U.S. District Judge Richard M. Berman postponed Steve Buyer’s sentencing until July 31. He asked the Probation Department to analyze the $349,846 that prosecutors say Buyer should forfeit as crime proceeds and another $1.39 million he would owe for the legal costs of two companies. Sentencing had been set for next week.
Buyer, 64, a Republican from Noblesville, was convicted in March of making illegal stock trades while working as a consultant and lobbyist after a congressional career that stretched from 1993 to 2011.
The lawyer and Persian Gulf War veteran once chaired the House Veterans’ Affairs committee and was a House prosecutor at ex-President Bill Clinton’s 1998 impeachment trial.
He was convicted in connection with insider trading involving the $26.5 billion merger of T-Mobile and Sprint, announced in April 2018, and stock purchases he made at a later time in the management consulting company Navigant when his client Guidehouse was set to acquire it in a deal publicly disclosed weeks later.

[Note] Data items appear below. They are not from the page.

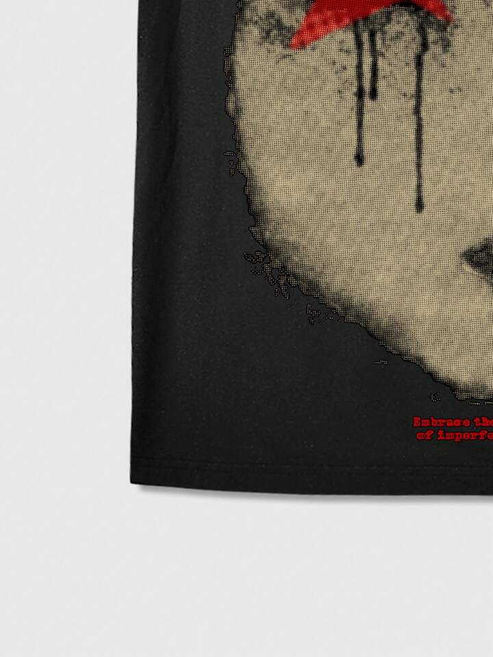 Street Life ملابس علوية سباغيتي مطبوع بوجه وشعار للرجال ، المدرسة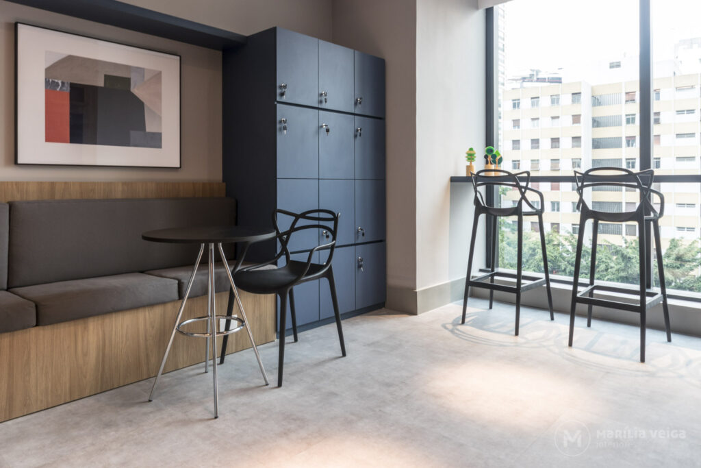 Cada vez mais presente em escritórios de alto padrão, a área de descompressão foi projetada como um ambiente essencial para a rotina da equipe trazendo o descanso e um pouco de informalidade, afinal a pausa é sempre bem vinda e importante para times de alta performance.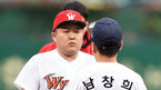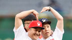 [OSEN=인천,박준형 기자] 29일 오후 인천SK행복드림구장서 열린 '2015 타이어뱅크 KBO 리그' SK 와이번스와 넥센 히어로즈의 경기에 앞서 개그맨 조세호와 남창희가 시구 시타를 마친뒤 빈볼 퍼포먼스 뒤 하트 포즈를 취하고 있다. 이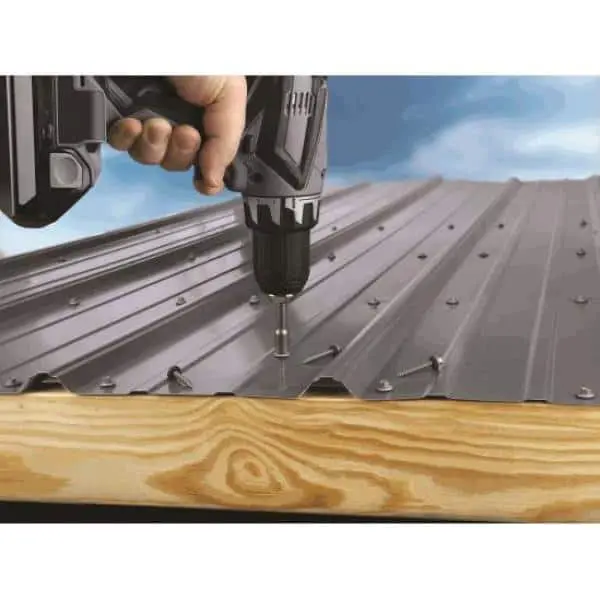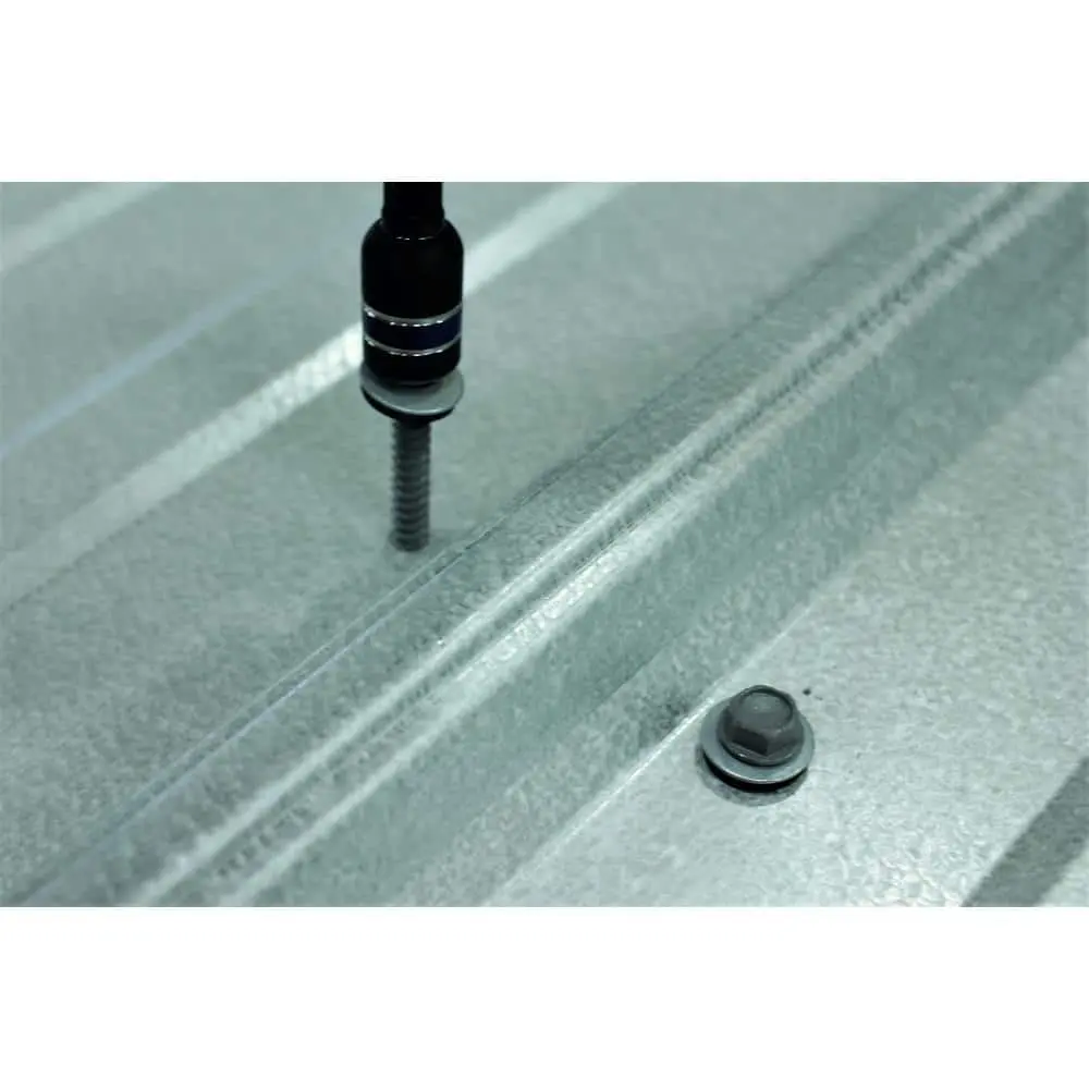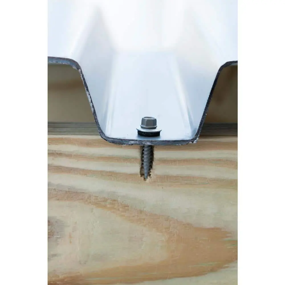Teks 9 x 1 in. Fine Steel Hex-Head Sharp Point Roofing Screws (120-Pack) offer reliable metal-to-wood fastening with strong holding power, eliminating the need for pre-drilling. The sharp self-piercing point is ideal for securely fastening corrugated roofing panels to wood structures. A self-sealing EPDM washer ensures a waterproof seal, while the premium finish provides superior corrosion resistance in tough outdoor conditions. These screws are designed for easy installation with a standard screw gun and a 1/4 in. hex drive bit.

Buyer’s lawyers say he should face only home confinement and community service while prosecutors have urged a three-year prison sentence.
Prosecutors said in a letter to the judge Thursday that Guidehouse is seeking $395,000 in legal fees while T-Mobile wants $996,800 to cover its legal costs. They said all the fees were incurred in connection with the government’s criminal investigation and prosecution.
In a letter also filed Thursday, Buyer attorney Henry Asbill said the requests for forfeiture and legal fees were made too late and were unwarranted. He called the requested legal fees “exorbitant numbers” and said the forfeiture amount was inflated because it was based on insufficient evidence and didn’t account for money already forfeited by others.
A presentence submission from the defense last month maintained that Buyer, who once made as much as $2.2 million in a year, has suffered so much from the cost of litigation that he and his wife have sold most of their assets, including their home, condo and two cars, and his wife will have to return to the workforce at age 65.
During the trial, prosecutors said Buyer’s clients were motivated to share lucrative secrets with him because they wanted his help as a consultant.
Defense lawyers contended that he was a stock market buff who did research that led to legal profitable trades. Buyer testified on his own behalf.